CIES also sponsors regional conferences and has organized topical seminars and workshops.

== Intellectual influences ==
CIES has been characterized by many scholars as eclectic and inclusive in the research methodologies, theoretical frameworks, and academic disciplines that compose its work. In alignment with broader social science trends following World War II, much of the work presented at the Society's early annual meetings and published in its journal concerned the relationship between education and national development. While an appreciation of diversity and a concern not to be Eurocentric characterized the work of many of the Society's founders such as Isaac Leon Kandel, the geopolitical context of the Cold War resulted in a strong commitment to modernization theory. Many early leaders in the field embraced an empirical positivism and orientation to education rooted in structural functionalism.

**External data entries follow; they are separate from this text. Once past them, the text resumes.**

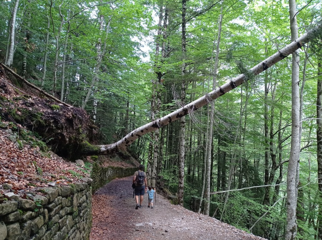 Opción B: Coger el camino de Turieto Alto, que va por la derecha y asciende hasta el hayedo-abetal de Ordesa, ambos caminos se unen hacia el final, y por el puente de la Senda de los Cazadores se llega a la Pradera de Ordesa. Aquí comienzan otras rutas que te explico más adelante.
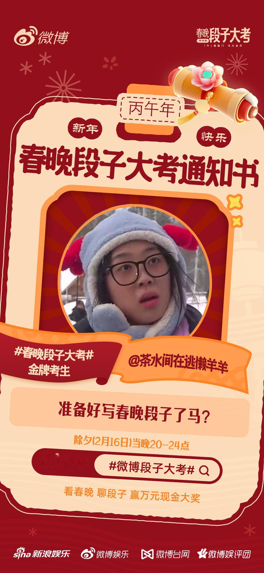 春晚段子大考活动开启!段子组长前来报道!除夕晚上20点正式开考,春晚我们不见不散!
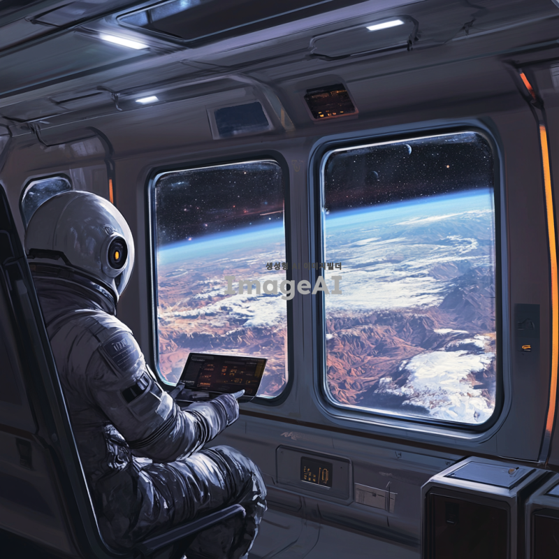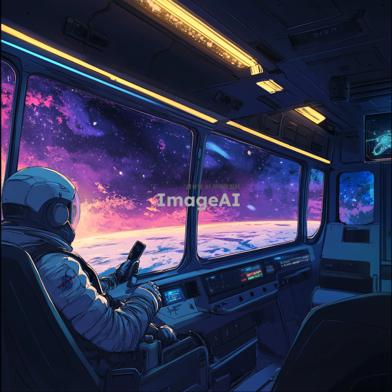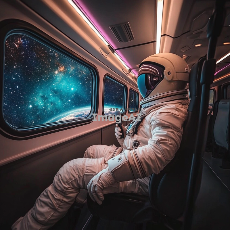 우주버스를 제작해줘 안에서 찍은 시점이고 창 밖의 유리창에는 우주 풍경이 보여야 해 버스는 꼭 직사각형의 관광버스 같은 느낌으로 제작해줘야 해 우주복을 입고 마이크를 들고있 가이드도 한 명 있으면 좋아
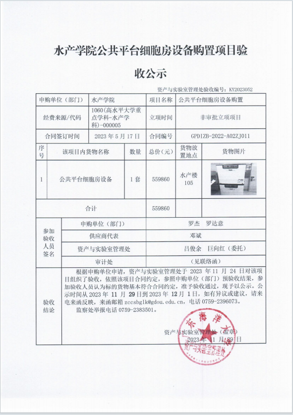 水产学院公共平台细胞房设备购置项目验收公示

By the 1970s multiple critical and postfoundational perspectives began to appear in the Society. Individuals and groups engaged with Marxist and Neo-Marxism analyses, represented for example in work dealing with conflict theories and dependency theory. In recent years, just as the field of comparative education has itself evolved, CIES has become a venue for an extremely wide range of disciplinary and epistemic approaches with research perspectives informed by postpositivism, postmodernism, postcolonialism, and feminist theory commonly appearing alongside economics of education, development economics, and more quantitative social research approaches.

== Selected bibliography ==
- Epstein, Erwin (ed.). Crafting a Global Field: Six Decades of the Comparative and International Education Society. Springer / Comparative Education Research Centre The University of Hong Kong. ISBN 978-988-14241-4-3.

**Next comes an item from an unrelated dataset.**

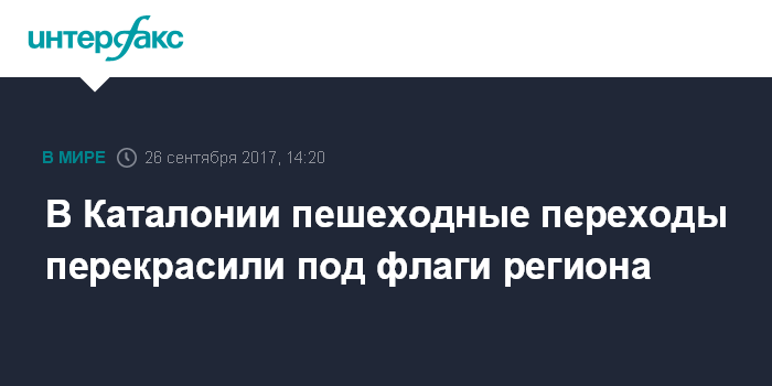 Москва. 26 сентября. INTERFAX.RU - К "зебрам" в нескольких городах Каталонии в ночь на вторник дорисовали треугольник со звездой - таким образом они превратились в стилизованные изображения каталонского флага, пишет газета El Confidencial.
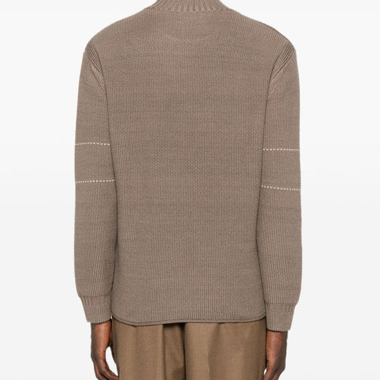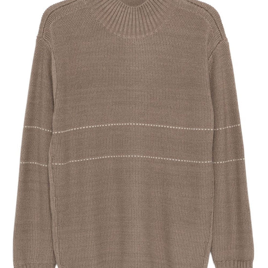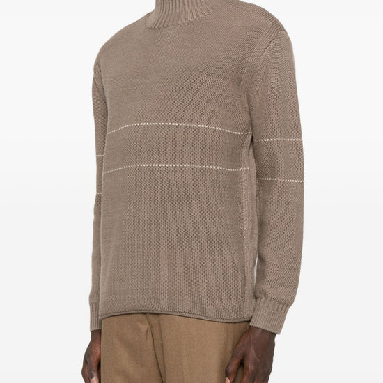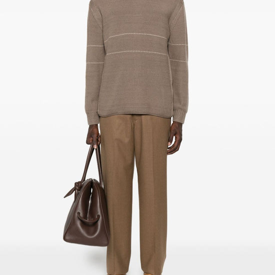 Brown ribbed knit long sleeves straight hem striped detail wool crewneck jumper

- Jacob, W. James, Huiyuan Ye, Shuo Wang, Xueshuang Wang, Xiufang Ma, Abdullah Bagci, Quan Gu, and Julio Luis Méndez Vergara (2019). "The History of Comparative and International Education in North America." In Wolhuter, Charl Coetzee, and Alexander W. Wiseman, eds. Comparative and international education: Survey of an infinite field. Emerald Publishing Limited. pp. 101-117. ISBN 978-1-78743-392-2
- Manzon, Maria (2011). Comparative Education: The Construction of a Field. Springer / Comparative Education Research Centre The University of Hong Kong. p. 76. ISBN 978-988-17852-6-8.
- Sherman Swing, Elizabeth (2006). "A Brief History of the Comparative and International Education Society". Current Issues in Comparative Education. 8 (2).
- Sherman Swing, Elizabeth (2007). "The Comparative and International Education Society (CIES)". In Masemann, Vandra; Bray, Mark; Manzon, Maria (eds.). Common Interests, Uncommon Goals: Histories of the World Council of Comparative Education Societies and its Members. Springer / Comparative Education Research Center The University of Hong Kong. pp. 94–115. ISBN 978 962 8093 10 6.